After the QuIC report, the Agency for Health Care Research and Quality (AHRQ; formerly known as the Agency for Health Care Policy and Research) took on a leadership role among federal authorities committed to patient safety. AHRQ has funded a variety of studies and research. One particular report, Making Health Care Safer: A Critical Analysis of Patient Safety Practices, reflects AHRQ's research commitment. Prepared by the University of California at San Francisco (UCSF)-Standard Evidence-Based Practice Center (EPC), it focuses on evidence-based patient safety practices.

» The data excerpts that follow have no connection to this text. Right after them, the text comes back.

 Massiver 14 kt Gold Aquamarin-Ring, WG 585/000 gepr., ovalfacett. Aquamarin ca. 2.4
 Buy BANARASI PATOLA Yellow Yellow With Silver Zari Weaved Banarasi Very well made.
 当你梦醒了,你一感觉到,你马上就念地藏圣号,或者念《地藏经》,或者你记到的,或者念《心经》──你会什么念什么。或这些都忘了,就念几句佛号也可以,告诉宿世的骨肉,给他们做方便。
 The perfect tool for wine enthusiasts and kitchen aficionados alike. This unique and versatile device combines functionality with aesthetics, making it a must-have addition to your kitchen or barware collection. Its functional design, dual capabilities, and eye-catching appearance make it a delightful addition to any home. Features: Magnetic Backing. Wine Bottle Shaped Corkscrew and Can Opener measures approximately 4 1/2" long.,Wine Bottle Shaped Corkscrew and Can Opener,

Working with the National Forum for Quality Measurement and Report, better known as the National Quality Forum (NQF), a partnership of private and public sector entities, the EPC developed a definition for a patient safety practice: "a type of process or structure whose application reduces the probability of adverse events resulting from exposure to the health care system across a range of diseases and procedures." This definition encompasses communication skills and consent to treatment. Indeed, the report contained a discussion about informed consent and the need for research on the topic in conjunction with patient safety practices.
The Food and Drug Administration, the Conditions of Participation for Hospitals in Medicare and Medicaid Patients Rights Standards, and federally sponsored reports addressing the issue of patients rights all point to the need for strong communication processes. Involving the patient in the decision-making process is viewed as a key ingredient to successful medical treatment.

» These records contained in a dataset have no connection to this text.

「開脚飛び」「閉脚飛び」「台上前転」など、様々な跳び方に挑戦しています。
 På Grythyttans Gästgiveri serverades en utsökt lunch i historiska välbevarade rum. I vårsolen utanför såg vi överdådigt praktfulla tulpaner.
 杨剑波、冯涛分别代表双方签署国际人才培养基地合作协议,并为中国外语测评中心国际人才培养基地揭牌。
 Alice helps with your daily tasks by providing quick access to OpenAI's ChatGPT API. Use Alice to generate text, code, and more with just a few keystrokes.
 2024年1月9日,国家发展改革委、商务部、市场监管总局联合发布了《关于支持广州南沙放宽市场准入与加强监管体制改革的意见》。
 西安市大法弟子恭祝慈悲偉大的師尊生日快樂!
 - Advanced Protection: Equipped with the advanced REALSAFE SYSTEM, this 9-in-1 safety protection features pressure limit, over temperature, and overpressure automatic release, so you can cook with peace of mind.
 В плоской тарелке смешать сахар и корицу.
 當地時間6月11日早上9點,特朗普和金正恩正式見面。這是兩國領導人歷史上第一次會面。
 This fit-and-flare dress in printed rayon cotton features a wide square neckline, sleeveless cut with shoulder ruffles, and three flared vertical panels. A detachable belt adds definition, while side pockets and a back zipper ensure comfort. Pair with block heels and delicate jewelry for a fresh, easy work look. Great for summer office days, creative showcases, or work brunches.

THE STATE GOVERNMENT PERSPECTIVE
At the state level, the move toward patient safety has been demonstrated by legislative initiatives geared toward reporting serious adverse events or patient deaths to databases in the belief that collecting such information will be useful in holding health care entities accountable for their performance. As distinguished from voluntary reporting methodologies, the mandatory reporting procedures found in some states are at times linked to fines and penalties, and the format is tied to public disclosure.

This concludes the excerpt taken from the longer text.